3.1.2. Dalam pelaksanaan suatu proyek konstruksi
dengan tingkat kompleksitas sumber daya,
metode, serta permasalahan lainnya, sangat
memungkinkan timbulnya suatu
perselisihan/sengketa. Untuk itu Para Pihak
harus dapat menyelesaikannya dengan sebaik-
baiknya dengan keputusan yang tidak merugikan
salah satu pihak yang bersengketa.
3.1.3. Jenis sengketa yang banyak terjadi dalam
pelaksanaan suatu kontrak konstruksi lebih
banyak disebabkan oleh faktor eksternal yang
sejalan dengan kenyataan bahwasanya kinerja
kontraktor selaku penyedia jasa dipengaruhi oleh
perubahan eksternal tersebut. Untuk itu Pihak
Penyedia harus lebih proaktif dalam
menyampaikan permasalahan-permasalahan
yang dapat menimbulkan perselisihan/sengketa
di dalam pelaksanaan konstruksi.
3.2. Saran
Untuk meminimalkan potensi terjadinya sengketa
dalam suatu pelaksanaan kontrak proyek konstruksi,
para pihak disarankan untuk:
1. Memahami administrasi kontrak dan
pengadministrasian kontrak tersebut.
2. Memahami kontrak secara keseluruhan termasuk
aspek hokum yang terkandung di dalam kontrak
tersebut.
3. Memenuhi kewajibannya sesuai kontrak.
4. Mengelola kontrak dengan fair.
5. Meminta bantuan Lembaga hukum dalam
pengesahan isi dokumen kontrak.
DAFTAR PUSTAKA

PT. PP (PERSERO). 2003. Buku Referensi untuk Kontraktor


Bangunan Gedung dan Sipil. Jakarta: PT. Gramedia Pustaka
Utama.
Yasin, Nazarkhan. 2006. Mengenal Kontrak Konstruksi di
Indonesia. Jakarta: PT. Gramedia Pustaka Utama.

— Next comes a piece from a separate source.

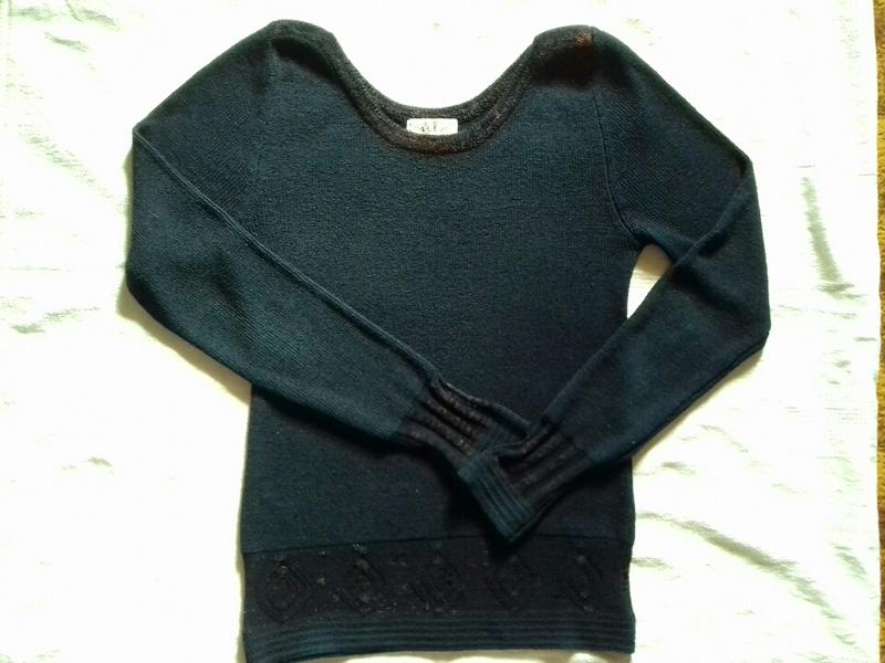 гарна трикотажна кофтинка, в дуже хорошому стані, плям і дірок немає, є трохи катишек, в шкарпетці не помітно, колір чорнильний синій, камері не вдалося передати пог - 52 см +тягнеться до 69см побіди - 43см +тягнеться до 53 см плече - 6 см довжина рукава 80 см довжина по спинці від плеча -71см виникнуть питання, задавайте, буду рада відповісти )) бирки зі складом немає, по відчуттях дуже м'яка, приємна до тіла

Fuady, Munir. 2002. Kontrak Pemborongan Mega Proyek.
Bandung: PT. Citra Aditya Bakti.
Soeharto, Iman. 1995. Manajemen Proyek; dari Konseptual
sampai Operasional. Jakarta: Erlangga.
Soekirno, Purnomo. Dkk. 2006. Sengketa dalam
Penyelenggaraan Konstruksi di Indonesia; Penyebab dan
Penyelesaiannya. ITB: FTSL.
Kristiawan. 2006. Paper, Perubahan Lingkup Pekerjaan. Migas
Indonesia.
UU No. 18 Tahun 1999 Tentang Jasa Konstruksi.